- [Work item]
The required answer is the data below, restated word for word with images omitted.

>>>

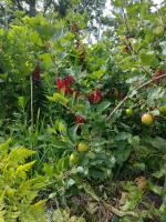 De tuin, ca. 2000 m², heeft als basis een gelaagde bosranden, namelijk een rij fruitbomen, ernaast een rij bessenstruiken en vaste planten zoals groene asperges.
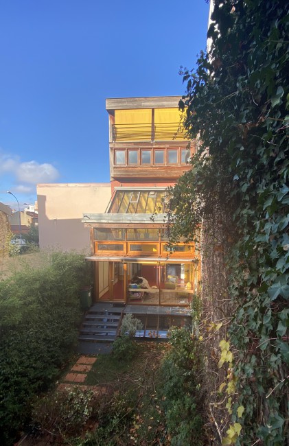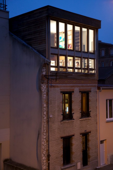 - En 2002, par l’ajout de deux niveaux en remplacement du comble afin de réaliser un atelier et un mezzanine. La surélévation s’est faite à partir de la consolidation des maçonneries avec un chaînage périmétrique sur lequel ont été posé des caissons en bois sur les deux pignons mitoyens. Un solivage en lamellé-collé franchit le vide entre les deux refends.
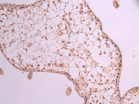 IHC image of CSB-RA261449A0HU diluted at 1:100 and staining in paraffin-embedded human placenta tissue performed on a Leica BondTM system. After dewaxing and hydration, antigen retrieval was mediated by high pressure in a citrate buffer (pH 6.0). Section was blocked with 10% normal goat serum 30min at RT. Then primary antibody (1% BSA) was incubated at 4°C overnight. The primary is detected by a Goat anti-rabbit polymer IgG labeled by HRP and visualized using 0.05% DAB.
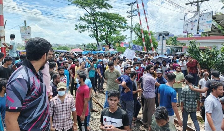 গাজীপুরে ট্রেন আটকে পলিটেকনিক শিক্ষার্থীদের বিক্ষোভ
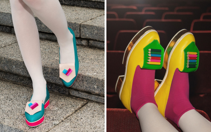 My grandpa’s wristwatches, Lego bricks, playing cards, and many other things from my childhood looked like perfect details for magical shoes. I mean shoes with real attached items and not some superficial decorations.
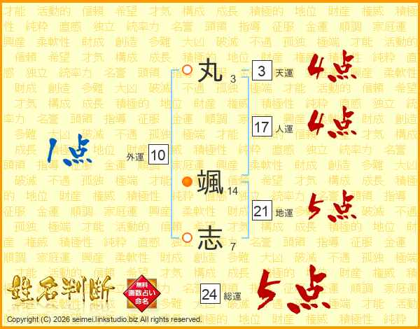 丸(3画) 颯(14画)志(7画)
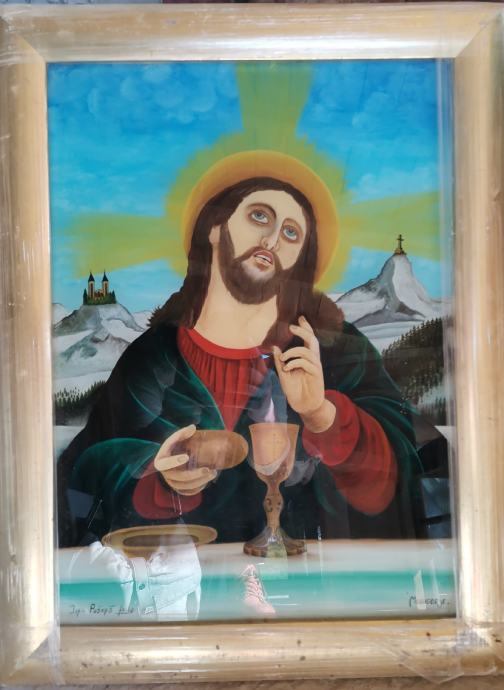 Slika ulje na staklu "Isus tvoj iskupitelj", 35x50cm, autor Marijan Puškaš Atila.
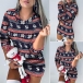 When invited to a Christmas party,you can just slip into this dress to win more eyes. The elk and snowflake printed pattern design make this piece look so stylish and playful,while the fit silhouette design can showcase your slender figure. So why not buy one for the coming Christmas Day?
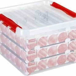 Sunware Q-line Kerstballen Opbergbox 26L – Trays Voor 75 Kerstballen – Transparant/rood
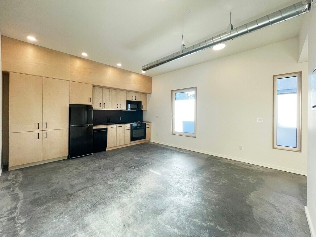 BRAND NEW open 1-bedroom available now featuring 10-foot tall ceilings, polished concrete floors, exposed ductwork and hand-built cabinetry. Live your best loft life in style and comfort in Tacoma's first and only Passive House apartments. This eco-conscious apartment delivers modern comfort and convenience packaged with stunning design and features you will love: beautiful built-ins, natural and non-toxic materials, on-demand hot water, keyless entry, and in-unit laundry. You can count on a tiny electricity bill and a healthy, quiet, and comfortable indoor environment thanks to triple pane windows and individual control of your high-efficiency heating, air conditioning, and filtered fresh air ventilation system. The 500-sf unit sneaks in a surprising amount of storage. Space-saving built-in wardrobe closets provide a total of 5 feet of hanging space and 6 drawers. Even the bathroom has tons of storage surrounding the laundry. A well-appointed kitchen comes with a full-size refrigerator/freezer, dishwasher, microwave, cooktop, and built-in oven and features an enormous built-in pantry. Frosted window film and floor-to-ceiling wool curtains optimally balance natural light and privacy at the generously sized west-facing windows. This ground-level unit is Type B Accessible with a barrier-free threshold, wide doorways, and a large bathroom with side-by-side washer and dryer. As a part of the Nocturne community, you will have access to our private courtyard, co-working space, and secure bike room with complementary e-bike charging. Nocturne is a pet friendly and smoke-free building. Vehicle parking with Level 2 EV charging available for $90/month in access-controlled garages. Safe biking, walking and transit routes also make the many popular destinations of the 6th Ave, Hilltop, Stadium, Downtown, and Proctor business districts accessible without a car. See nocturnetacoma dot com for application process and rental criteria. Pet Policy: First pet stays free, multiple pets negotiable (+$30/month per additional pet) - No Pet Deposit Smoke-free Policy: Smoking and vaping strictly prohibited Reusable screening reports: Not accepted
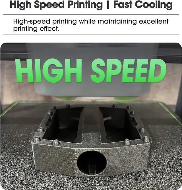 High Speed Printing & Fast CoolingeSUN PLA CF can maintain the printing quality and retain the integrity of the complete fine structures without layer lines and deformation while printing in high speed. Fast cooling. Printing Speed 50-300mm/s. Compatible with Bambu Lab X1/ X1C and P1P/ AnkerMake M5/ Voron 2.4 / Flsun V400/ Creality K1/ K1 Max and Ender 7/ Raise 3D Pro 3.
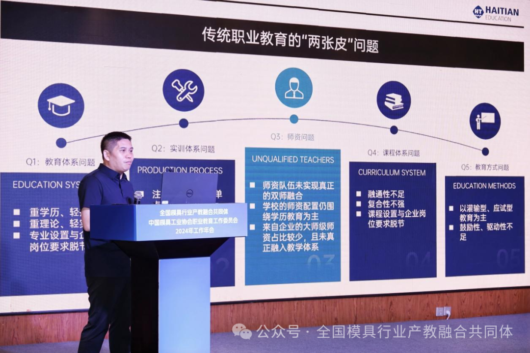 海天大学校长陈兴在会上作《突破传统职教壁垒,打通高技能人才培养最后一公里》主题报告。他介绍了海天集团的发展现状和产品线,并将企业的优质设备应用于产教融合发展,与高校合作开展双师型人才培养模式。
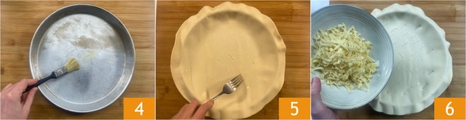 Graissez un moule rond de 26 cm de diamètre 4. Tapisser le moule de pâte feuilletée et piquez le fond avec les dents d'une fourchette 5. Couvrez le fond avec la fontine 6.
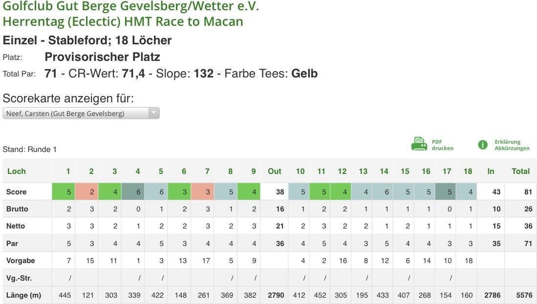 Am Mittwoch die Saisoneröffnung mitgespielt - 24 Brutto, 34 Netto - kann sich sehen lassen. Und schon wieder den ...

<<<

- [Output]
 De tuin, ca. 2000 m², heeft als basis een gelaagde bosranden, namelijk een rij fruitbomen, ernaast een rij bessenstruiken en vaste planten zoals groene asperges.
 - En 2002, par l’ajout de deux niveaux en remplacement du comble afin de réaliser un atelier et un mezzanine. La surélévation s’est faite à partir de la consolidation des maçonneries avec un chaînage périmétrique sur lequel ont été posé des caissons en bois sur les deux pignons mitoyens. Un solivage en lamellé-collé franchit le vide entre les deux refends.
 IHC image of CSB-RA261449A0HU diluted at 1:100 and staining in paraffin-embedded human placenta tissue performed on a Leica BondTM system. After dewaxing and hydration, antigen retrieval was mediated by high pressure in a citrate buffer (pH 6.0). Section was blocked with 10% normal goat serum 30min at RT. Then primary antibody (1% BSA) was incubated at 4°C overnight. The primary is detected by a Goat anti-rabbit polymer IgG labeled by HRP and visualized using 0.05% DAB.
 গাজীপুরে ট্রেন আটকে পলিটেকনিক শিক্ষার্থীদের বিক্ষোভ
 My grandpa’s wristwatches, Lego bricks, playing cards, and many other things from my childhood looked like perfect details for magical shoes. I mean shoes with real attached items and not some superficial decorations.
 丸(3画) 颯(14画)志(7画)
 Slika ulje na staklu "Isus tvoj iskupitelj", 35x50cm, autor Marijan Puškaš Atila.
 When invited to a Christmas party,you can just slip into this dress to win more eyes. The elk and snowflake printed pattern design make this piece look so stylish and playful,while the fit silhouette design can showcase your slender figure. So why not buy one for the coming Christmas Day?
 Sunware Q-line Kerstballen Opbergbox 26L – Trays Voor 75 Kerstballen – Transparant/rood
 BRAND NEW open 1-bedroom available now featuring 10-foot tall ceilings, polished concrete floors, exposed ductwork and hand-built cabinetry. Live your best loft life in style and comfort in Tacoma's first and only Passive House apartments. This eco-conscious apartment delivers modern comfort and convenience packaged with stunning design and features you will love: beautiful built-ins, natural and non-toxic materials, on-demand hot water, keyless entry, and in-unit laundry. You can count on a tiny electricity bill and a healthy, quiet, and comfortable indoor environment thanks to triple pane windows and individual control of your high-efficiency heating, air conditioning, and filtered fresh air ventilation system. The 500-sf unit sneaks in a surprising amount of storage. Space-saving built-in wardrobe closets provide a total of 5 feet of hanging space and 6 drawers. Even the bathroom has tons of storage surrounding the laundry. A well-appointed kitchen comes with a full-size refrigerator/freezer, dishwasher, microwave, cooktop, and built-in oven and features an enormous built-in pantry. Frosted window film and floor-to-ceiling wool curtains optimally balance natural light and privacy at the generously sized west-facing windows. This ground-level unit is Type B Accessible with a barrier-free threshold, wide doorways, and a large bathroom with side-by-side washer and dryer. As a part of the Nocturne community, you will have access to our private courtyard, co-working space, and secure bike room with complementary e-bike charging. Nocturne is a pet friendly and smoke-free building. Vehicle parking with Level 2 EV charging available for $90/month in access-controlled garages. Safe biking, walking and transit routes also make the many popular destinations of the 6th Ave, Hilltop, Stadium, Downtown, and Proctor business districts accessible without a car. See nocturnetacoma dot com for application process and rental criteria. Pet Policy: First pet stays free, multiple pets negotiable (+$30/month per additional pet) - No Pet Deposit Smoke-free Policy: Smoking and vaping strictly prohibited Reusable screening reports: Not accepted
 High Speed Printing & Fast CoolingeSUN PLA CF can maintain the printing quality and retain the integrity of the complete fine structures without layer lines and deformation while printing in high speed. Fast cooling. Printing Speed 50-300mm/s. Compatible with Bambu Lab X1/ X1C and P1P/ AnkerMake M5/ Voron 2.4 / Flsun V400/ Creality K1/ K1 Max and Ender 7/ Raise 3D Pro 3.
 海天大学校长陈兴在会上作《突破传统职教壁垒,打通高技能人才培养最后一公里》主题报告。他介绍了海天集团的发展现状和产品线,并将企业的优质设备应用于产教融合发展,与高校合作开展双师型人才培养模式。
 Graissez un moule rond de 26 cm de diamètre 4. Tapisser le moule de pâte feuilletée et piquez le fond avec les dents d'une fourchette 5. Couvrez le fond avec la fontine 6.
 Am Mittwoch die Saisoneröffnung mitgespielt - 24 Brutto, 34 Netto - kann sich sehen lassen. Und schon wieder den ...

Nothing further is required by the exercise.